───── Given entries
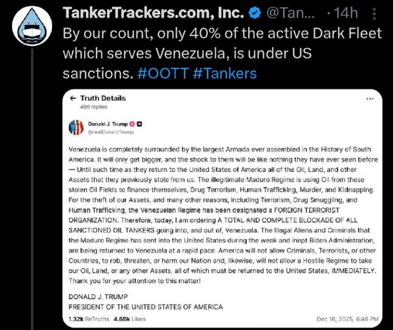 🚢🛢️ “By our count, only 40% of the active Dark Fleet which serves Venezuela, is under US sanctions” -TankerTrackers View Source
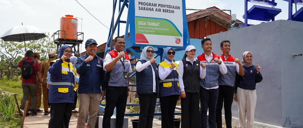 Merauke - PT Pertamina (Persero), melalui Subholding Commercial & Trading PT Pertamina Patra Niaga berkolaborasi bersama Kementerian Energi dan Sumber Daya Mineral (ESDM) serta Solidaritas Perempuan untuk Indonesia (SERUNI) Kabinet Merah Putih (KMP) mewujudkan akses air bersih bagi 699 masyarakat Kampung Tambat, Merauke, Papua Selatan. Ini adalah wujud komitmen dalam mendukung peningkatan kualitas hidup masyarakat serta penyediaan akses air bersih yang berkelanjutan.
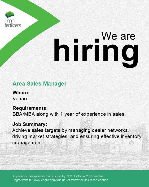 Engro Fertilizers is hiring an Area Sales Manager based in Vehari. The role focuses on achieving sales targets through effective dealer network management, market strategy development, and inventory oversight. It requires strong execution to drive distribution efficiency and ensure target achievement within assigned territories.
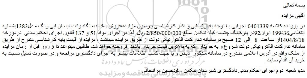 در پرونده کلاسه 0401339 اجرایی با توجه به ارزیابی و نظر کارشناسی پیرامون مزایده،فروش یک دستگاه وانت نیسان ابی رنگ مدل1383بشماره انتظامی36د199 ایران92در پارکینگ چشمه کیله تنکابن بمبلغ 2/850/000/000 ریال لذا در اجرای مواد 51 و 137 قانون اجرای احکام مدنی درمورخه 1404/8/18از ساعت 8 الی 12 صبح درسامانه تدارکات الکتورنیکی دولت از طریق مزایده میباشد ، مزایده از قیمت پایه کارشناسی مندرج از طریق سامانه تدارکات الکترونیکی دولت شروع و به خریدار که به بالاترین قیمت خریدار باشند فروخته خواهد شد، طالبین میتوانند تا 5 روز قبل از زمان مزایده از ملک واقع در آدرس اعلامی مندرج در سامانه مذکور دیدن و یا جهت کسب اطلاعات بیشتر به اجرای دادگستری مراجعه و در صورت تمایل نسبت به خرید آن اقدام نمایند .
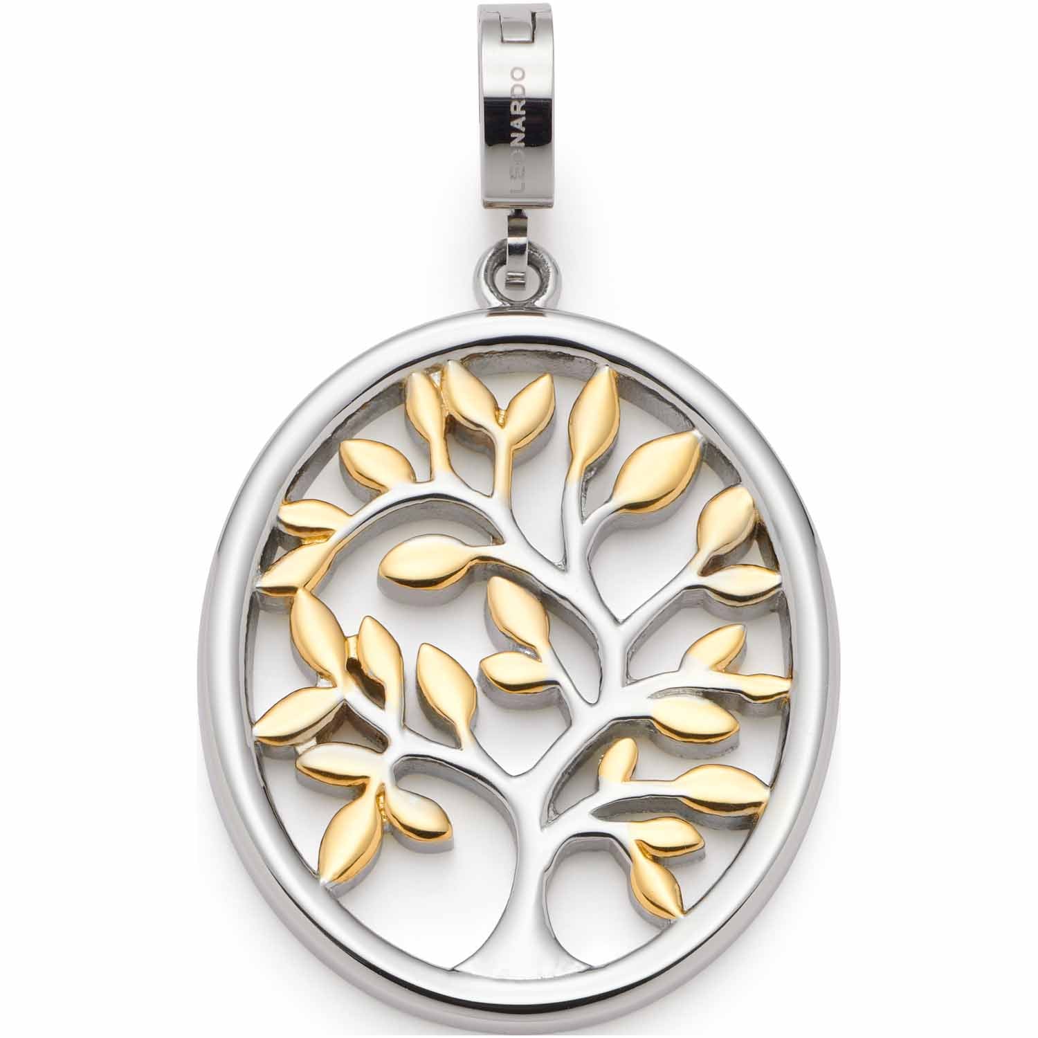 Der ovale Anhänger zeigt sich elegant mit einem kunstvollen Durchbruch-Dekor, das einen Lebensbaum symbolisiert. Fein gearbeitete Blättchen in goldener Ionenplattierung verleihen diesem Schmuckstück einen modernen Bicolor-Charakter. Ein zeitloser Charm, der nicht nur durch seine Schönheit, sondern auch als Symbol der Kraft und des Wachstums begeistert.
──────────
Required action: Pictures aren't part of the copy; return each record above exactly.

Problem solution:
 🚢🛢️ “By our count, only 40% of the active Dark Fleet which serves Venezuela, is under US sanctions” -TankerTrackers View Source
 Merauke - PT Pertamina (Persero), melalui Subholding Commercial & Trading PT Pertamina Patra Niaga berkolaborasi bersama Kementerian Energi dan Sumber Daya Mineral (ESDM) serta Solidaritas Perempuan untuk Indonesia (SERUNI) Kabinet Merah Putih (KMP) mewujudkan akses air bersih bagi 699 masyarakat Kampung Tambat, Merauke, Papua Selatan. Ini adalah wujud komitmen dalam mendukung peningkatan kualitas hidup masyarakat serta penyediaan akses air bersih yang berkelanjutan.
 Engro Fertilizers is hiring an Area Sales Manager based in Vehari. The role focuses on achieving sales targets through effective dealer network management, market strategy development, and inventory oversight. It requires strong execution to drive distribution efficiency and ensure target achievement within assigned territories.
 در پرونده کلاسه 0401339 اجرایی با توجه به ارزیابی و نظر کارشناسی پیرامون مزایده،فروش یک دستگاه وانت نیسان ابی رنگ مدل1383بشماره انتظامی36د199 ایران92در پارکینگ چشمه کیله تنکابن بمبلغ 2/850/000/000 ریال لذا در اجرای مواد 51 و 137 قانون اجرای احکام مدنی درمورخه 1404/8/18از ساعت 8 الی 12 صبح درسامانه تدارکات الکتورنیکی دولت از طریق مزایده میباشد ، مزایده از قیمت پایه کارشناسی مندرج از طریق سامانه تدارکات الکترونیکی دولت شروع و به خریدار که به بالاترین قیمت خریدار باشند فروخته خواهد شد، طالبین میتوانند تا 5 روز قبل از زمان مزایده از ملک واقع در آدرس اعلامی مندرج در سامانه مذکور دیدن و یا جهت کسب اطلاعات بیشتر به اجرای دادگستری مراجعه و در صورت تمایل نسبت به خرید آن اقدام نمایند .
 Der ovale Anhänger zeigt sich elegant mit einem kunstvollen Durchbruch-Dekor, das einen Lebensbaum symbolisiert. Fein gearbeitete Blättchen in goldener Ionenplattierung verleihen diesem Schmuckstück einen modernen Bicolor-Charakter. Ein zeitloser Charm, der nicht nur durch seine Schönheit, sondern auch als Symbol der Kraft und des Wachstums begeistert.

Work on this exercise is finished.